Saved data entries
:::

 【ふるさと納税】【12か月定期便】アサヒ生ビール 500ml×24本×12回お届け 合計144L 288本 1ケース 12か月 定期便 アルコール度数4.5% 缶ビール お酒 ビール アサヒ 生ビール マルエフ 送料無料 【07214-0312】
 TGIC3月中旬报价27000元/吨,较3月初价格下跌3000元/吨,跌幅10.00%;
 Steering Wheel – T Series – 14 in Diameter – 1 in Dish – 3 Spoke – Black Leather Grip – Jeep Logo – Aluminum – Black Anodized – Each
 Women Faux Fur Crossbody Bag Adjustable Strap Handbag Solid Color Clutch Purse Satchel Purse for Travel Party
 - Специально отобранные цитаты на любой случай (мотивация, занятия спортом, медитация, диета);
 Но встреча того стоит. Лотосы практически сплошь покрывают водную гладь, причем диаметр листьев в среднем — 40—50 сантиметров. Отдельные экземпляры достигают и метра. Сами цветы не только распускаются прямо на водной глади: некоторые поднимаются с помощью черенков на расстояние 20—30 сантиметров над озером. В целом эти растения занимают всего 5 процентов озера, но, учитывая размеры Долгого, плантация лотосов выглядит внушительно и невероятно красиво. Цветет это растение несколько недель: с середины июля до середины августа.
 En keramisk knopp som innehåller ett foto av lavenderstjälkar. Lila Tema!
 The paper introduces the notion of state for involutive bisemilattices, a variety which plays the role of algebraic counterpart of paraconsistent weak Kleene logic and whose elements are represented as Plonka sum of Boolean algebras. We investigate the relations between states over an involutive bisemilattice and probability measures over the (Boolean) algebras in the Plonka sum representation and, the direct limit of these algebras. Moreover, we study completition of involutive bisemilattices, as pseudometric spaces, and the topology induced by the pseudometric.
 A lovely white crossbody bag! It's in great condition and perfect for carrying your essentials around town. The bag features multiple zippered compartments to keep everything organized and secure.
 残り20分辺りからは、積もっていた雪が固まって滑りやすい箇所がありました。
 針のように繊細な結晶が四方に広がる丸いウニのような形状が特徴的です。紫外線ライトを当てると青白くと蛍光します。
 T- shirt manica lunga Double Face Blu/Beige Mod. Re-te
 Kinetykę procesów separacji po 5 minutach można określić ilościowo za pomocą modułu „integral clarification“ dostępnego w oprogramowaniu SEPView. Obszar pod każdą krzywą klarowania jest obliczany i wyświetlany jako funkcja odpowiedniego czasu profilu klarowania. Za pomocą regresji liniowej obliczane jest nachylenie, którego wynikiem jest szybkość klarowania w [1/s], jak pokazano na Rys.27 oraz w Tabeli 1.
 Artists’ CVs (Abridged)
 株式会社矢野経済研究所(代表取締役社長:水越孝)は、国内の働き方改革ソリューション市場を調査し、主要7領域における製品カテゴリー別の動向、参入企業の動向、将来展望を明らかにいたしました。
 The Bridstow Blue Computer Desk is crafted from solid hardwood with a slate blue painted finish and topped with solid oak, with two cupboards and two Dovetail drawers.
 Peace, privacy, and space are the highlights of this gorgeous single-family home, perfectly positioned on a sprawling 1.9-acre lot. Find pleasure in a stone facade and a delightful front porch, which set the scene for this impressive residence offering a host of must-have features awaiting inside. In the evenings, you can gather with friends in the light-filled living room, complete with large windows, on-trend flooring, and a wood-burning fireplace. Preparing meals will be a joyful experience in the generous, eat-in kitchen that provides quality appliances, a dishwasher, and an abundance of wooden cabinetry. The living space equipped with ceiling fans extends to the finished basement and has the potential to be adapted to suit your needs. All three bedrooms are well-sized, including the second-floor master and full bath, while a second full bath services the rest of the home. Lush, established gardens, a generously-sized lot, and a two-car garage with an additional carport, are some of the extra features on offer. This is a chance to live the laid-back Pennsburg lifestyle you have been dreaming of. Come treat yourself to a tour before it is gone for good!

:::

* _ASSIGNED TASK_
What the task asks for is a word-for-word repeat of the lines above, from the first through the one containing "- Специально отобранные".

* _ANSWER FOR THE TASK_
 【ふるさと納税】【12か月定期便】アサヒ生ビール 500ml×24本×12回お届け 合計144L 288本 1ケース 12か月 定期便 アルコール度数4.5% 缶ビール お酒 ビール アサヒ 生ビール マルエフ 送料無料 【07214-0312】
 TGIC3月中旬报价27000元/吨,较3月初价格下跌3000元/吨,跌幅10.00%;
 Steering Wheel – T Series – 14 in Diameter – 1 in Dish – 3 Spoke – Black Leather Grip – Jeep Logo – Aluminum – Black Anodized – Each
 Women Faux Fur Crossbody Bag Adjustable Strap Handbag Solid Color Clutch Purse Satchel Purse for Travel Party
 - Специально отобранные цитаты на любой случай (мотивация, занятия спортом, медитация, диета);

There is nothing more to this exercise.